Further, the passage 12j may be formed by a tubular (for example, snorkel-shaped) duct separate from the front head 12 and the front side block 20.
For example, as shown in FIG. 6, a duct 80 in which a passage 83 is formed between an opening 81 and an opening 82 is used, and one opening 81 of the duct 80 is opposed to the suction hole 22 so as to face the front side block 20. By connecting and connecting the other opening 82 to the peripheral wall 12c so as to oppose the notch 12f of the peripheral wall 12c of the seal chamber 13a, a passage 83 that reaches the suction hole 22 through the seal chamber 13a may be formed. .
Also by the passage 83 formed in this way, the same operation and effect as the compressor 100 of the above-described embodiment can be obtained.

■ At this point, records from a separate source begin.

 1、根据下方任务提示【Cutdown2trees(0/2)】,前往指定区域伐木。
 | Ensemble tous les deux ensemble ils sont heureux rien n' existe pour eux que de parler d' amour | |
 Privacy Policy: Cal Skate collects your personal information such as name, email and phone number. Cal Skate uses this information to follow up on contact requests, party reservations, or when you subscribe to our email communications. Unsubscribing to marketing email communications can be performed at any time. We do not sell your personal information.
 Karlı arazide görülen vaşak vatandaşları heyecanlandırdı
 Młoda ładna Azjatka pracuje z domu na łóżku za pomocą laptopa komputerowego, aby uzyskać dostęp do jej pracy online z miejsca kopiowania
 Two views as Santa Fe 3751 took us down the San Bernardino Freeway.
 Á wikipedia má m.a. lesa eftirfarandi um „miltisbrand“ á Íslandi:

DESCRIPTION OF SYMBOLS 10 Housing 12 Front head 12a Suction port 12g, 12h Rib 12j Passage 13 Suction chamber 13a Seal chamber 14 Discharge chamber 20 Front side block 20a Outer surface 22, 23 Suction hole 51 Rotating shaft 51a Outer surface 52 Lip seal (seal member)

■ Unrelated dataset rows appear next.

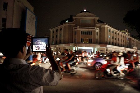 | Nhiều người thích thú ghi lại cảnh Hà Nội trong Giờ trái đất |
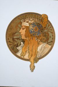 MUCHA (Alfons). Tête byzantine - Blonde. [vers 1897]. 345 x 280 mm.
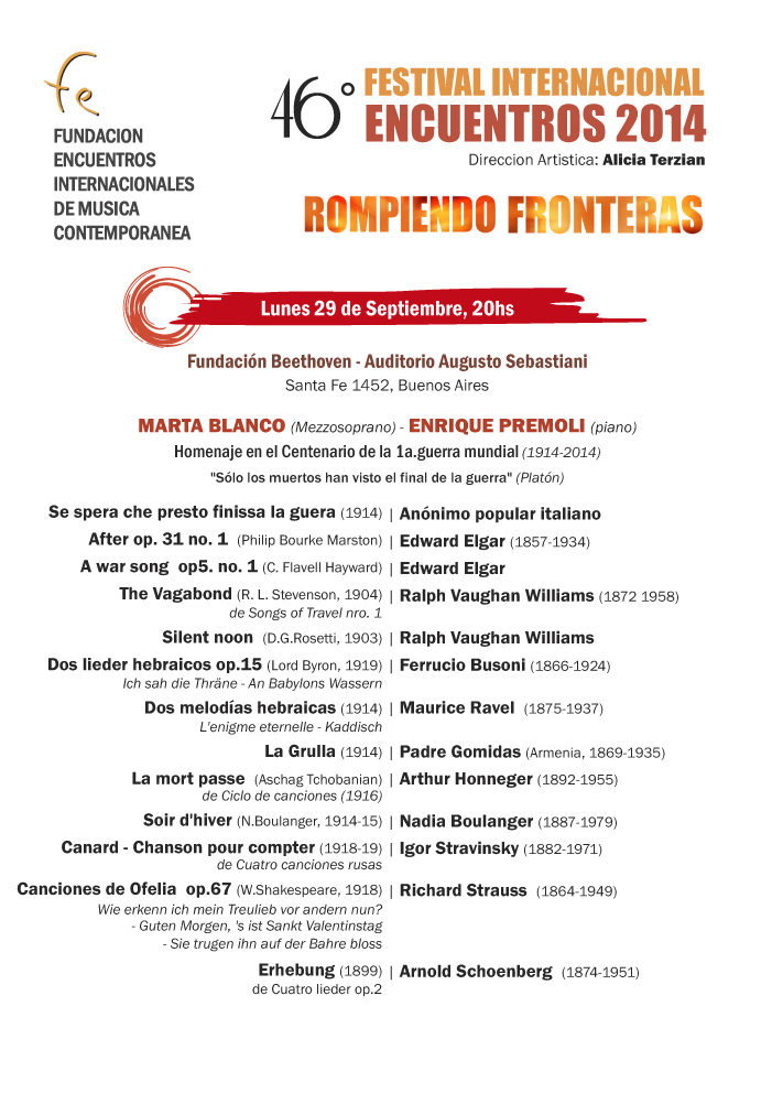 El 46º Festival Internacional Encuentros 2014 decidio recordar ésta fecha cerrando el Festival con un concierto dedicado a obras escritas,en la mayor parte , en esos terribles años por diferentes compositores .

60 Compressor body 100 Vane rotary compressor (gas compressor)
G Refrigerant gas (gas)

Claims (4)

A compressor body having a compression chamber and a rotating shaft for compressing the supplied gas into a high-pressure compressed gas, and a suction chamber for accommodating the compressor body inside and introducing gas supplied from the outside through a suction port And a housing in which a seal member that seals between the outer peripheral surface of the rotary shaft in the suction chamber is disposed,
A suction hole that allows the suction chamber and the compression chamber to pass through is formed in a partition wall that separates the compression chamber and the suction chamber.

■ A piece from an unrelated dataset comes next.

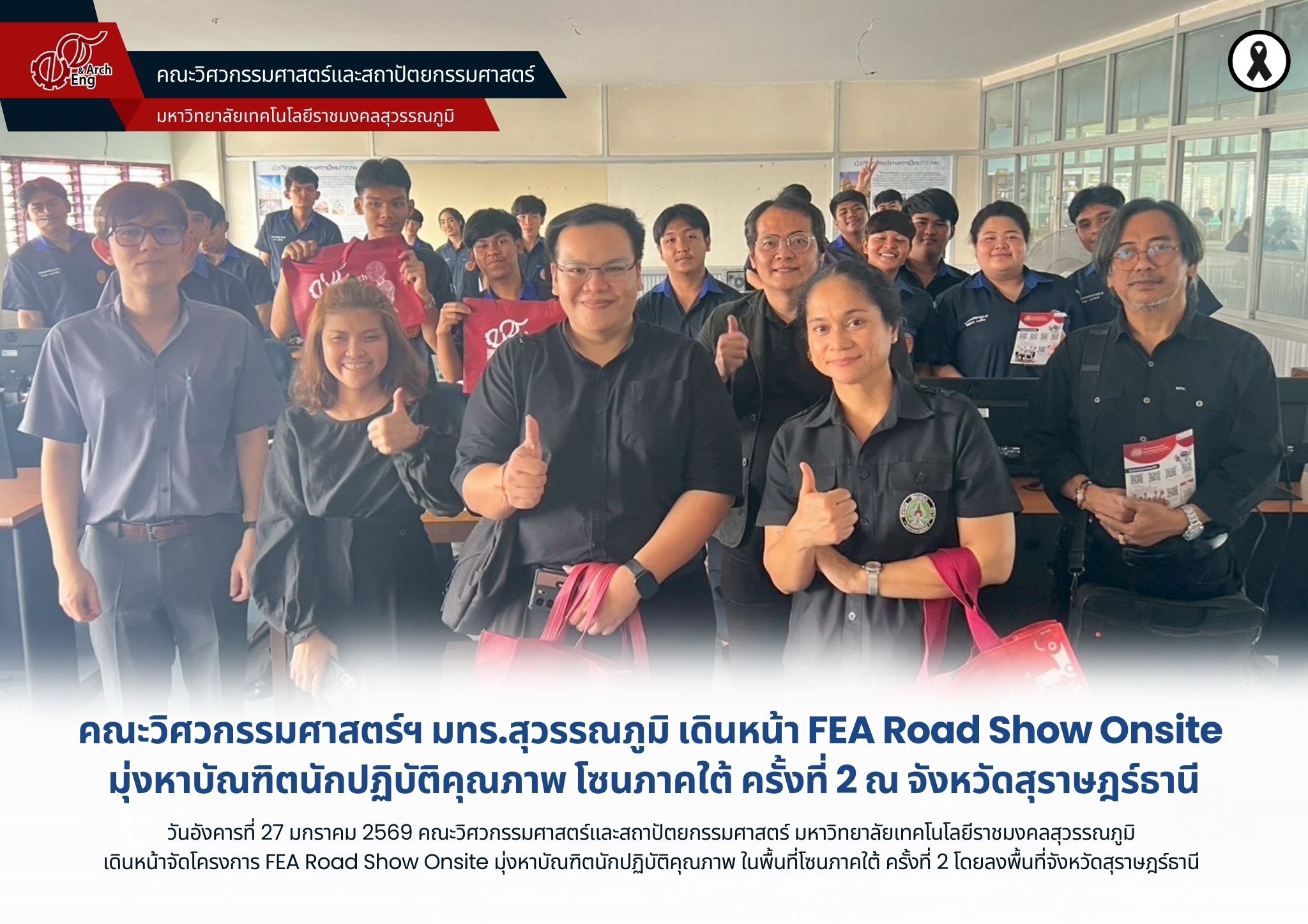 คณะวิศวกรรมศาสตร์ฯ มทร.สุวรรณภูมิ เดินหน้า FEA Road Show Onsite มุ่งหาบัณฑิตนักปฏิบัติคุณภาพ โซนภาคใต้ ครั้งที่ 2 ณ จังหวัดสุราษฎร์ธานี

A gas compressor characterized in that a partitioned flow path for allowing the gas to reach the suction hole through a portion where the seal member is disposed is formed in the suction chamber.   2. The gas compressor according to claim 1, wherein the flow path is formed at a position where the gas inlet side is higher than the outlet side.   The gas compressor according to claim 1, wherein the flow path is formed by a rib extending from the inner surface of the housing toward the partition and the partition.   The flow path is formed by a duct formed in a cylindrical shape with one end opening connected to a portion where the seal member is disposed and the other end opening connected to a front suction hole. The gas compressor according to claim 1 or 2.